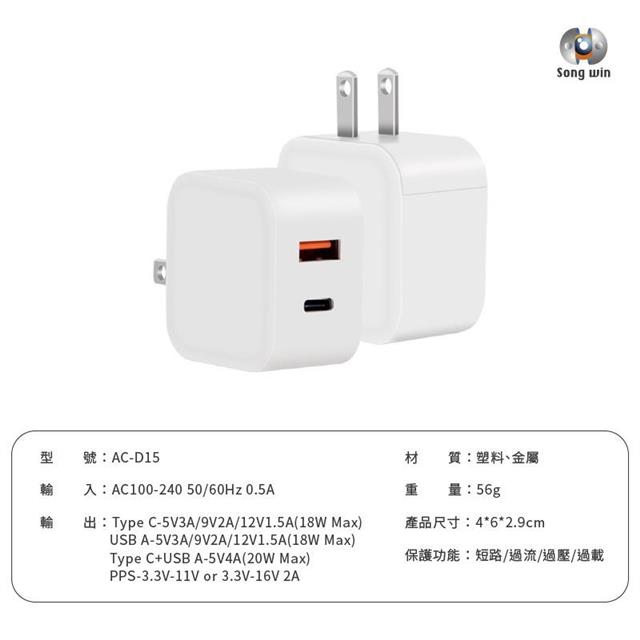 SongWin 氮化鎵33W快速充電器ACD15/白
- - - -
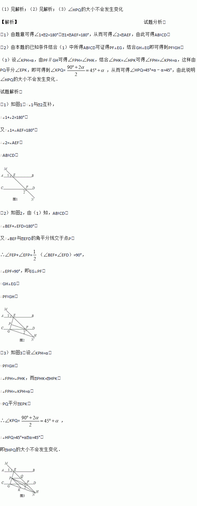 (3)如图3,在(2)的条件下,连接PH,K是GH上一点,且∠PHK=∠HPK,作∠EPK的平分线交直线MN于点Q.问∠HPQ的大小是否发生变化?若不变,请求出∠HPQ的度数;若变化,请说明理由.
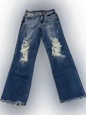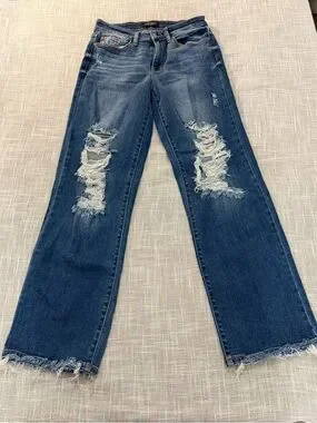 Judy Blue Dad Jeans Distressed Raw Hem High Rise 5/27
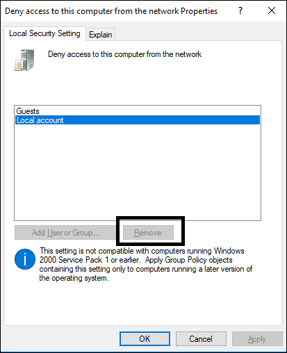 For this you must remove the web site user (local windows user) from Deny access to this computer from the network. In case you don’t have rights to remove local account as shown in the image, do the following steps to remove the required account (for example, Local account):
- - - -
(Assignment): Although the records above contain pictures, the copy must not; set down exactly the lines from the one with "(3)如图3,在(2)的条件" up to and including the one with "For this you".

(Finished exercise):
 (3)如图3,在(2)的条件下,连接PH,K是GH上一点,且∠PHK=∠HPK,作∠EPK的平分线交直线MN于点Q.问∠HPQ的大小是否发生变化?若不变,请求出∠HPQ的度数;若变化,请说明理由.
 Judy Blue Dad Jeans Distressed Raw Hem High Rise 5/27
 For this you must remove the web site user (local windows user) from Deny access to this computer from the network. In case you don’t have rights to remove local account as shown in the image, do the following steps to remove the required account (for example, Local account):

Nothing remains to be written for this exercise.